Information shown: Begin
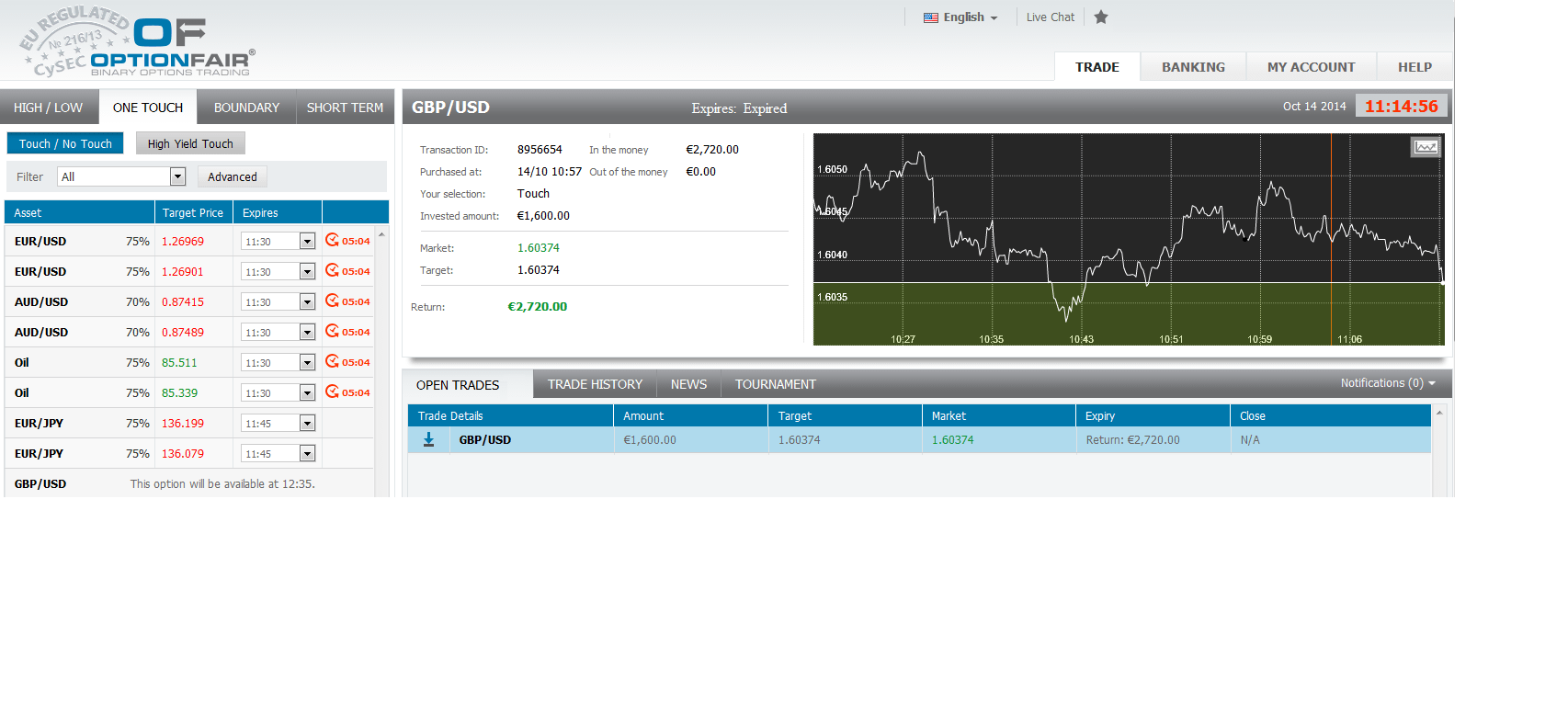 The price for GBP/USD at the buying time (10:57) was 1.60430 and the target price was 1.60374 for the expiration of 11:15. The asset touched my target price at 11:14 and I made $1120.
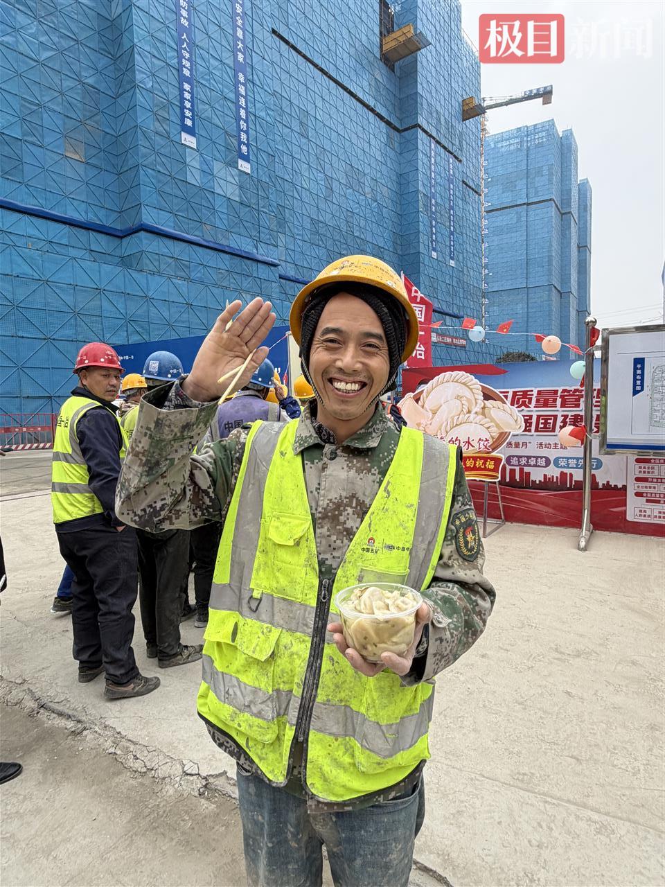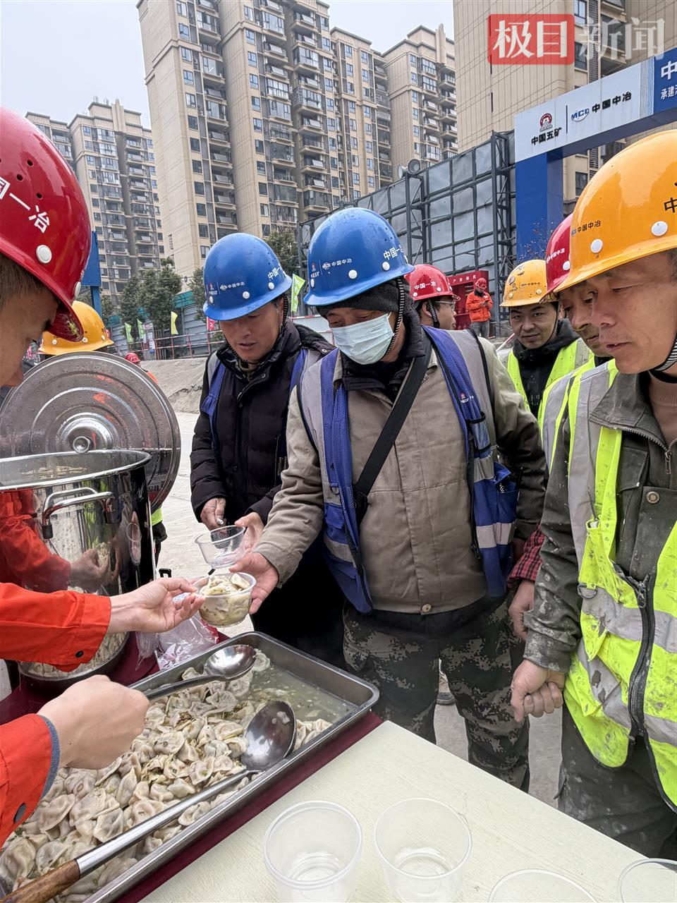 在现场通道旁的红桌上,蒸腾的热气裹挟着饺香弥漫开来。戴着安全帽的工人们,身着沾满灰渍的反光背心,有序排队领取盛满饺子的餐盒。
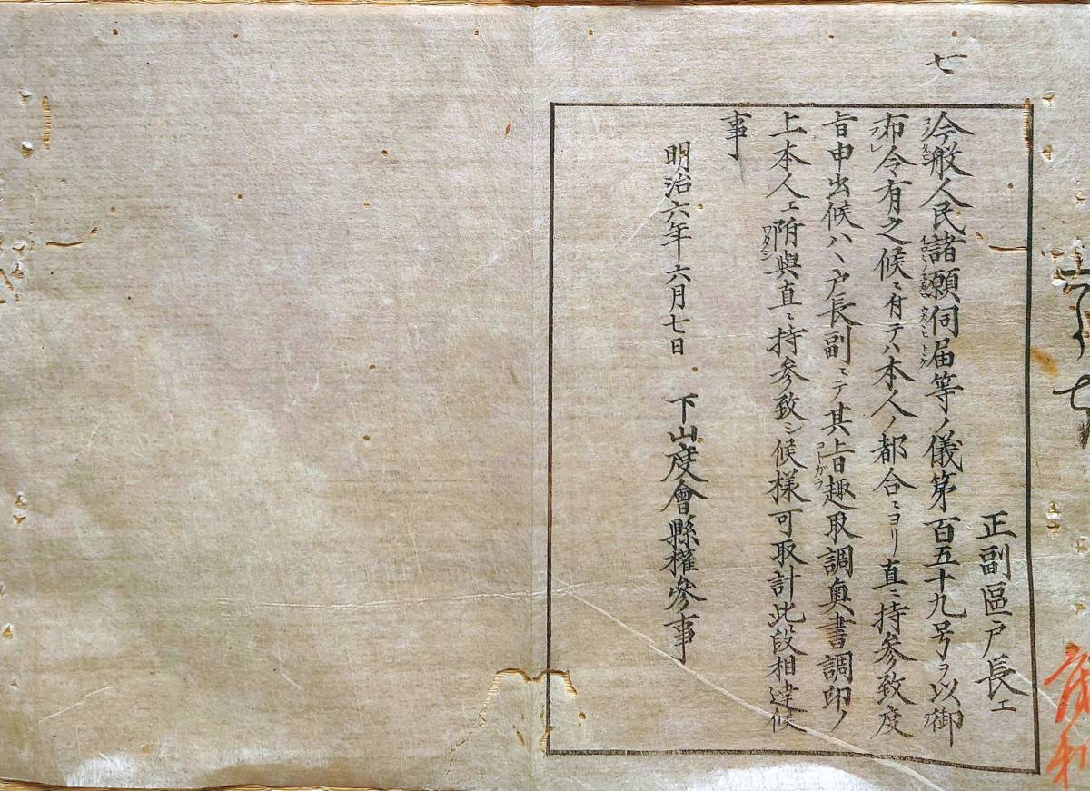 - f23030206〇明治布告布達 明治6年 人民諸願伺届等の儀 戸長にて取調奥書調印の上 度会県 三重県〇和本古書古文書
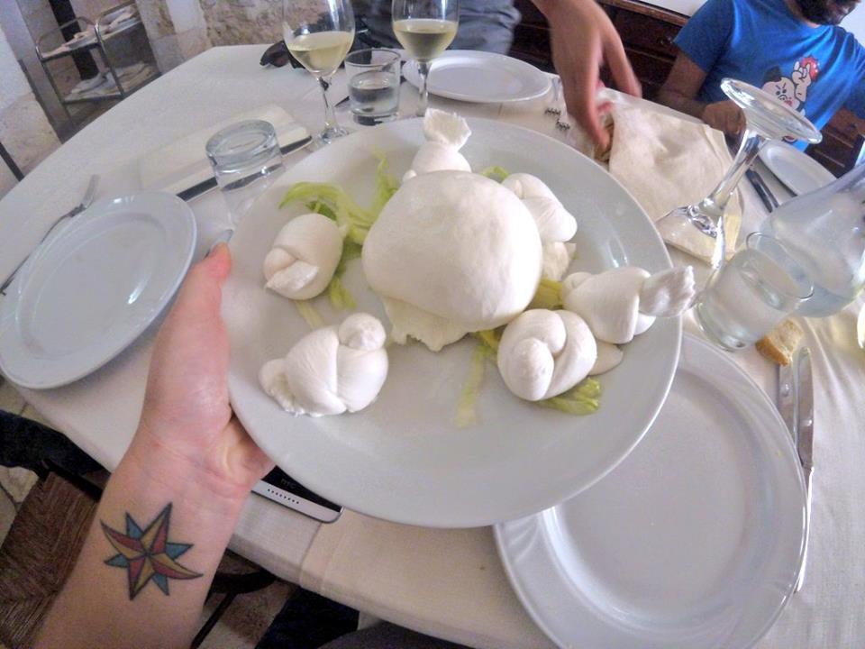 La mozzarella di bufala non l’ho assaggiata per la prima volta in Puglia, è vero, l’avevo già assaggiata in Molise e anche in Campania, ma dopo averla vista preparare alla Masseria Madonna dell’Arco mi si è aperto un mondo. Della Masseria abbiamo già parlato in un post a parte, che vi invito a leggere se volete dormire in un vero trullo e volete anche mangiare bene, mentre se volete assaggiare la burrata e la mozzarella di bufala come poche volte in vita, la Puglia potrebbe darvi una bella soddisfazione.
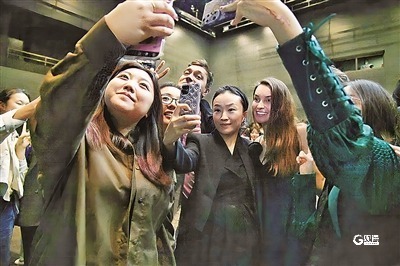 俄罗斯音乐剧《安娜·卡列尼娜》主创人员在见面会上和歌迷合影。
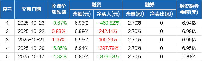 融资方面,当日融资买入1352.21万元,融资偿还1813.03万元,融资净偿还460.82万元。融券方面,融券卖出0股,融券偿还0股,融券余量2.7万股,融券余额52.33万元。融资融券余额合计6.94亿元。
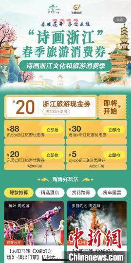 浙江面向全中国游客发放1400万元旅游现金消费券,消费品类包...
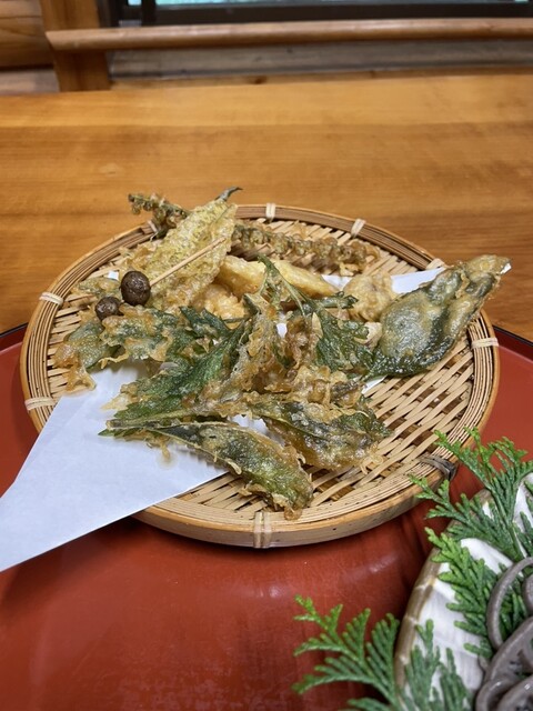 秋の天ざるのラインナップは色々ありましたが初めて食べるムカゴとヨモギが抹茶塩とマッチして美味しかったです。
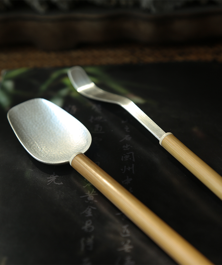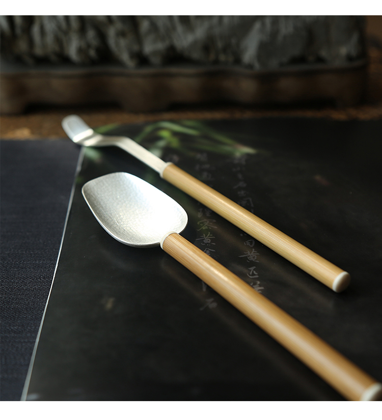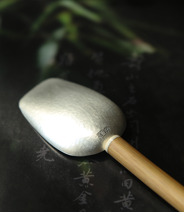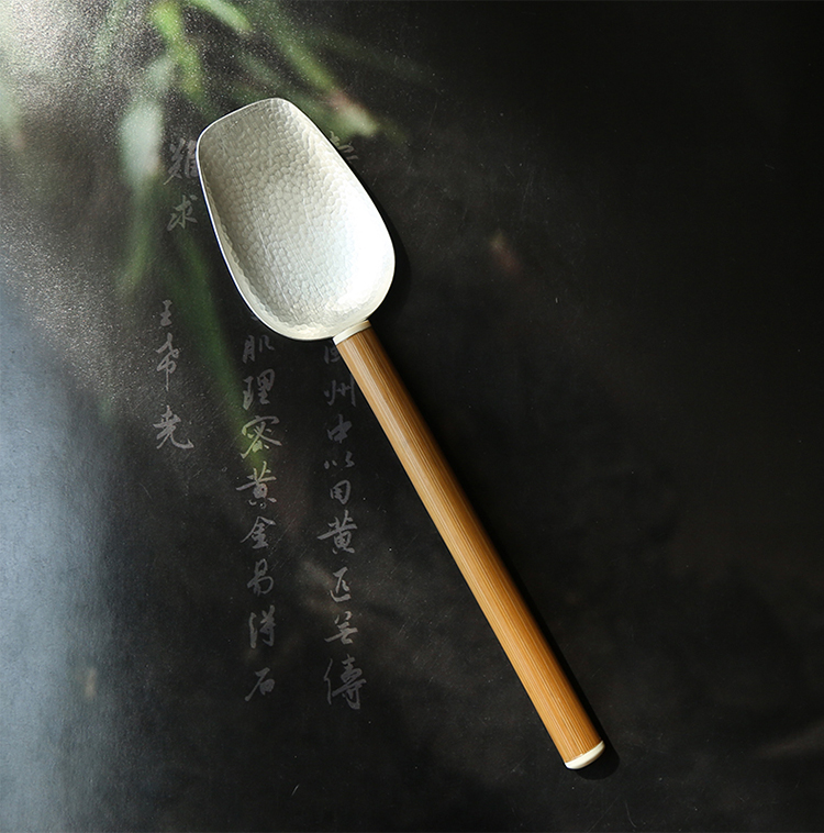 銀茶鏟茶撥老玉竹精工打磨茶道零配竹制六君子鏟茶葉茶勺銀茶具1入
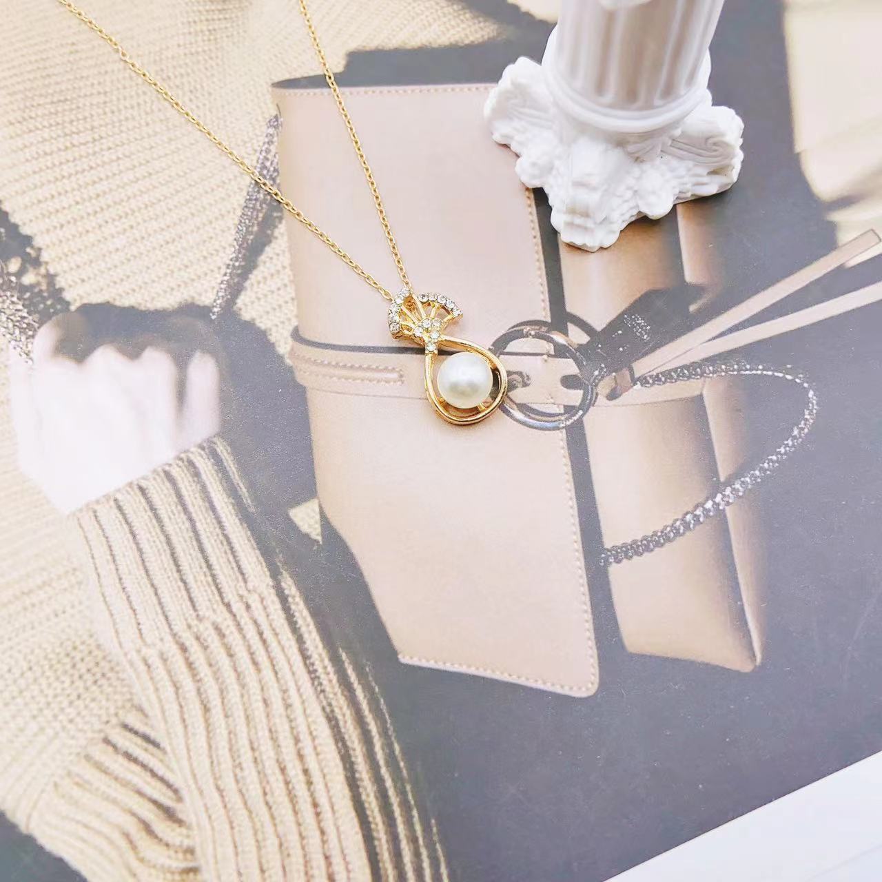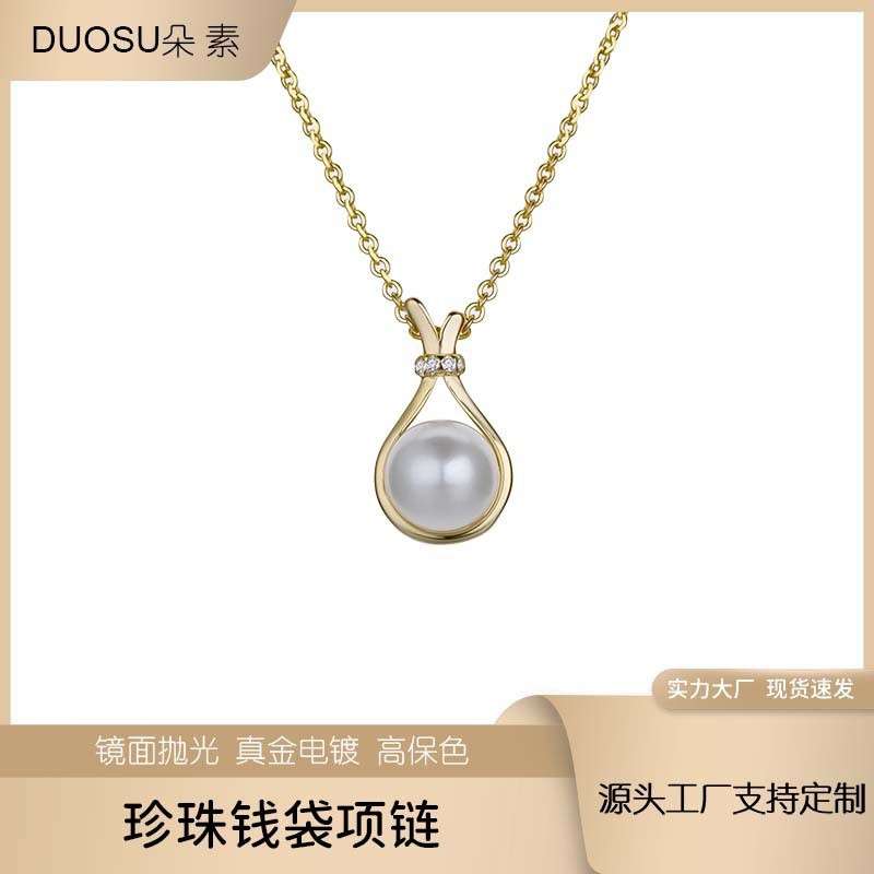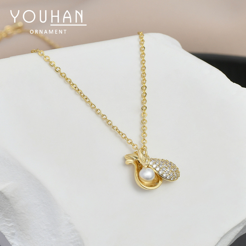 本物の金の電気めっきの小さいジルコンの気質の鎖の女性の高級感のお金の袋のネックレスの個性の学生の真珠の首の鎖の潮
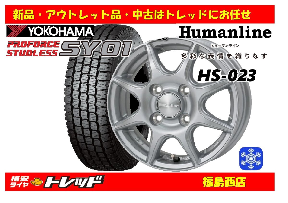 > 福島西 新品 スタッドレスタイヤホイール4本セット ヒューマンライン HS-023 12インチ 3.5J 100/4H +42 & ヨコハマ SY01 145/80R12 80/78N
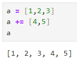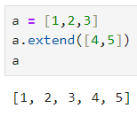 ** 예시 2)의 a.extend([4,5])는 a +=[4,5]와 동일한 표현식이다.
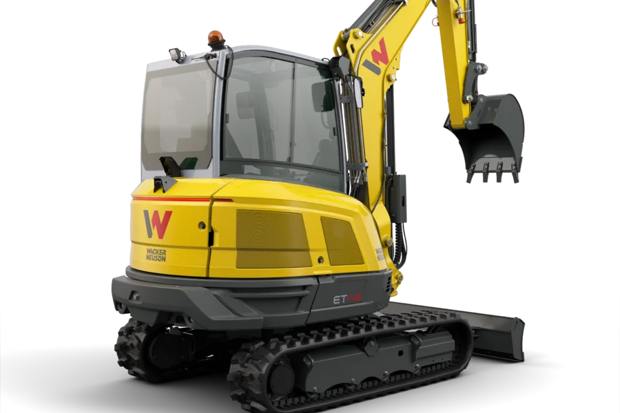 Full speed ahead: the ET42 mini-excavator combines proven technology with a large dose of innovation to lead the 4-metric ton class. It has the usual high lifting and digging forces, as well as fast work cycles. Thanks to modern technologies, emissions are reduced while efficiency is increased. The ET42's powerful engine meets Stage V emissions standards. The intuitive operating concept means this powerhouse is both user-friendly and comfortable for the operator, while offering an excellent view of the working area.
Information shown: End
> _Exercise directions_
Among the entries above, take the line with "本物の金の電気めっきの小さい", the line with "a +=[4,5]와 동일한 표현식이다.", and all the lines between them, and restate them word for word without pictures.

> _Answer space_
 本物の金の電気めっきの小さいジルコンの気質の鎖の女性の高級感のお金の袋のネックレスの個性の学生の真珠の首の鎖の潮
 > 福島西 新品 スタッドレスタイヤホイール4本セット ヒューマンライン HS-023 12インチ 3.5J 100/4H +42 & ヨコハマ SY01 145/80R12 80/78N
 ** 예시 2)의 a.extend([4,5])는 a +=[4,5]와 동일한 표현식이다.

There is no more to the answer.